However, they can be a bit larger than most other freshwater fish so it is important to have the space needed for them.

Read on to learn everything you need to know about keeping discus fish and how you can ensure they are thriving in their environment. 

Discus Fish Care Guide

Scientific NameSymphysodon aequifasciatus (Blue or brown)S. discus (red or heckle discus)S. tarzoo (green discus)
Common NameDiscus fish, Pompadour fish, King of the aquarium
Size4.6 to 8 inches
Minimum Tank Size10 gallons for oneMore than 60 gallons for a group of 6

Discus fish are a category of freshwater fish that come in a variety of colors. For the most part, they are peaceful fish that love to be in a community amongst themselves or just of their own kind. They can range between 4.6 to 8 inches so they need a large enough tank to accommodate this.

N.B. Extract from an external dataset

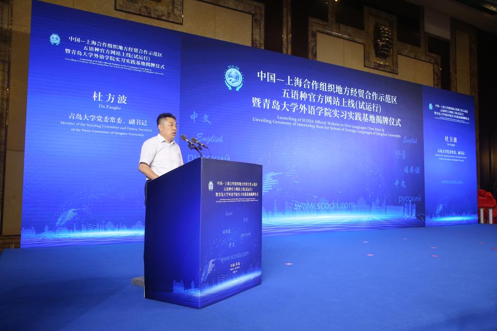 7月12日上午,上合示范区五语种官方网站上线(试运行)暨澳门十大电子正规游戏网站实习实践基地揭牌仪式在胶州喜来登大酒店隆重举行。校党委副书记杜方波、上合示范区党工委委员、管委会副主任孟庆胜、澳门十大电子正规游戏网站院长卞建华出席仪式并致辞,澳门十大电子正规游戏网站党委书记王传永、副院长娄永强、院长助理曹杉及澳门十大电子正规游戏网站师生、上合管委会、上合示范区园区企业代表参加了仪式。仪式由上合示范区管委会综合部部长孙正永主持。

Appearance and Temperament


Discus fish have four main colors as well as a variety of patterns and markings. Discus fish that are in captivity are typically brighter than those in the wild. 

This is because of hybridization from captivity breeding. Their full color emerges as they mature and will change color according to their environment.

Typically heckle discus are pale yellow and have three vertical stripes of that color. One of those stripes runs through their eye. 

Discus fish

Blue and green discus have red dots instead of vertical stripes. A brown discus has nine vertical stripes over their bodies.

Discus fish have flat rounded bodies that are similar to an angelfish without fins. There are also different variations of colors and patterns due to breeding that can be found.

Lifespan and Size

In captivity the discus fish can grow up to 9 inches long! In the wild, they will typically only grow to 4.8 to 6 inches in length. 

The male discus is slightly larger than the female discus. 

Also in captivity, they can live for an average of 10 to 15 years. In the wild their lifespans are much shorter due to predators.

Temperament and Behavior

Discus fish are very peaceful, often shy, fish that are intimidated by aggressive, larger, and faster fish.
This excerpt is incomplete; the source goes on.